She was used to taking off on her bicycle after the shift. Most metach on field duty were too tired afterwards to do more than drag themselves back to the half-gravity of the Middle Deck, eat with their Metach'ton, plug into the Net for an on-line game, or just sit and wait for the next day.

Not Denetree.

Yes, the work was hard, but after a Ship-year—more than half her obligation as a field hand was behind her—she had gotten used to it. In the beginning, only her thighs had developed, and she had otherwise looked like a beanpole. But now she had put on some flesh. Her arms, her entire body had become muscular. In the first months, the effort of cycling had almost completely burned her out. The gravity of the Outer Deck crushed newcomers mercilessly toward the ground, after a few minutes making every movement a torture. There was very little help from machinery in the fields, allegedly to save the always limited supply of energy on board. Denetree felt certain that was true, but exhausting the young metach in performing their service for the Ship seemed to her an equally likely intention. It kept them from getting dumb ideas.

In theory, at least. In practice, Denetree became an example of the opposite. In the unanimous opinion of everyone who knew her, Denetree's endless rounds through the Ship on a bicycle after the end of her shift fell clearly into the category of dumb ideas. Except that it was harmless. Denetree didn't bother anyone, and as long as her rides always took her back to her Metach'ton, and her work performance the next day didn't suffer, no one tried to stop her. Not her neighbors, not the Naahk or the Net.

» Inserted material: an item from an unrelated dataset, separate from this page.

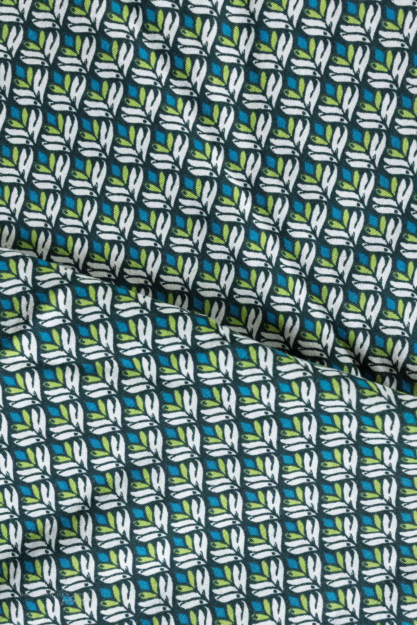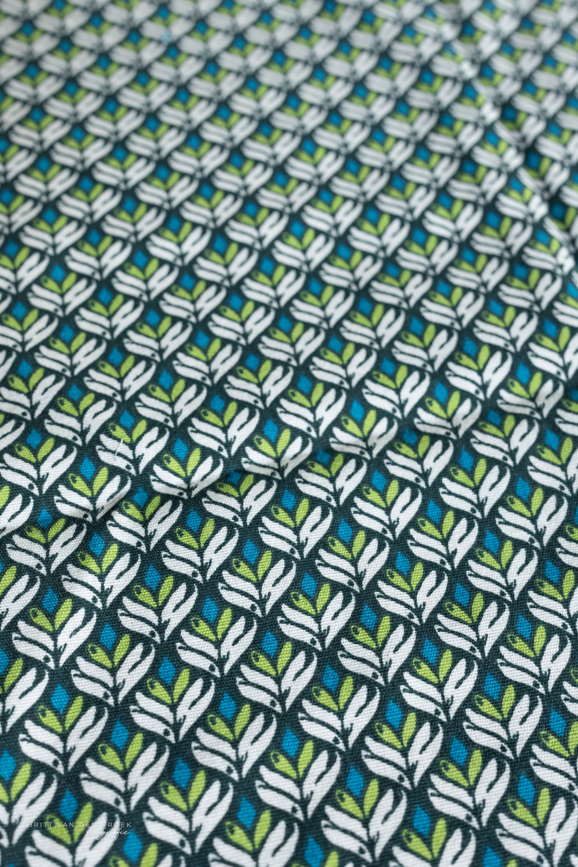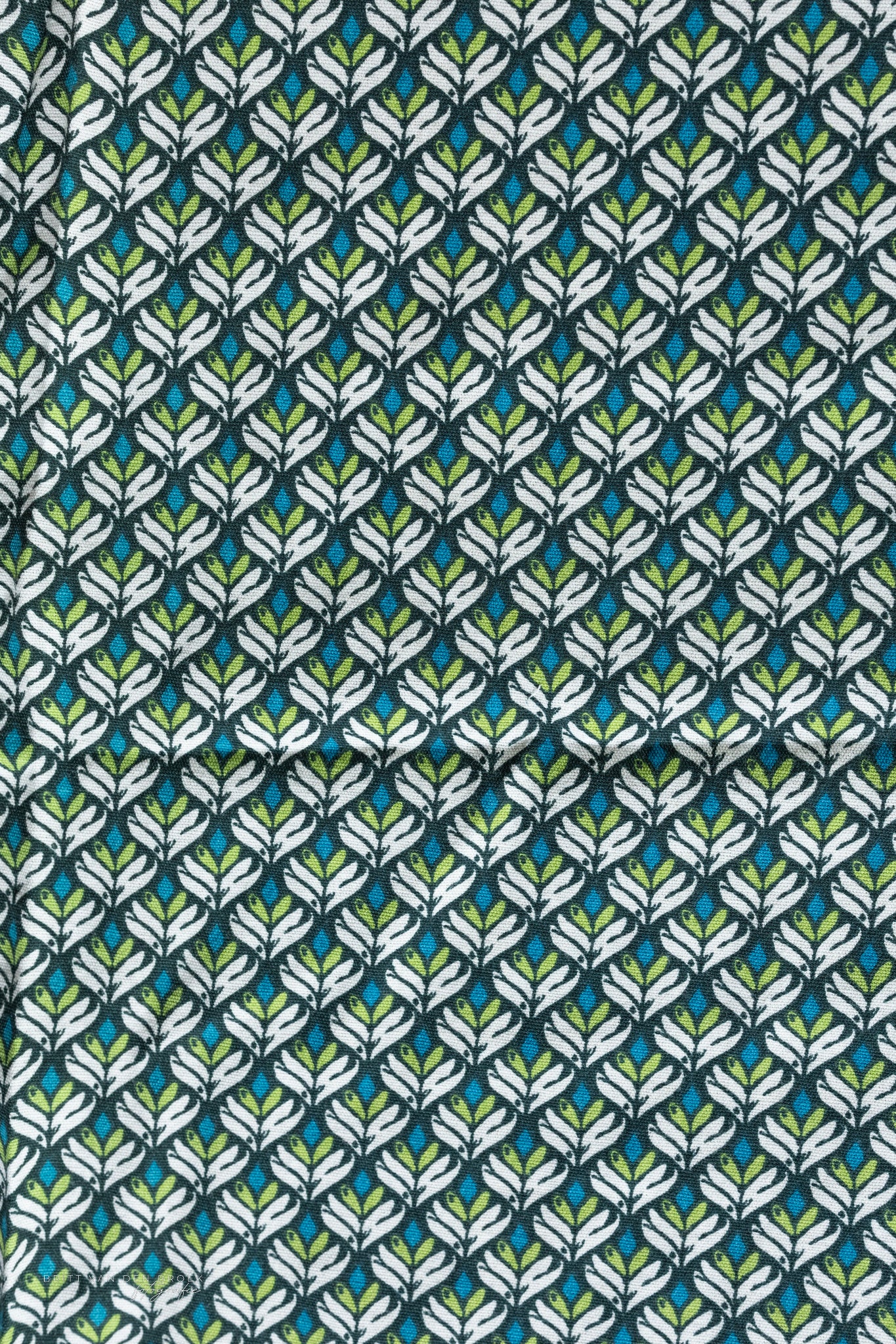 Een lampenkap met deze stof heeft een donkerblauwe of donkergroene achtergrond met daarop kleine witte met groene en donkerturquoise bloemetjes in een grafisch patroon. Als je kiest voor een staande kap zullen de donkerturquoise puntjes van de bloemen naar boven wijzen.

Immediately after the end of her shift, Denetree climbed on the bicycle she considered "hers." Of course, it wasn't really her own. None of the metach owned their own bicycle, no matter how highly they were placed. The bicycles belonged to all equally—which didn't necessarily mean that every metach could use every bicycle.

Denetree had made a number of changes to the bicycle she used: "optimizations," as she called them. Her bicycle's rims had a smaller diameter than the standard model and the tires were wider with a studded tread—designed for better traction rather than minimal rolling resistance, as was typical. Denetree pumped the tires full enough that only the center of the tire rested on the ground, creating a narrow, smooth strip that made it easier to ride on uneven terrain, but was apparently inferior in direct comparison to the standard ultrathin tires.

The other members of her metach had laughed at her when she rode her bicycle to her shift the first time. "Look, that crazy Denetree has built a plow!" they mocked. "Come on, dig us a furrow!" Only after she had beaten the loudest mocker in a race, handily leaving him in the dust, did they stop their open teasing.

It had been Denetree's luck to end up with one of the heaviest men in the metach as her opponent. He weighed more than a hundred kilos, and she weighed less than half that. Even though his weight should have given him an edge, Denetree beat him, and on the relatively unfavorable surface of the road.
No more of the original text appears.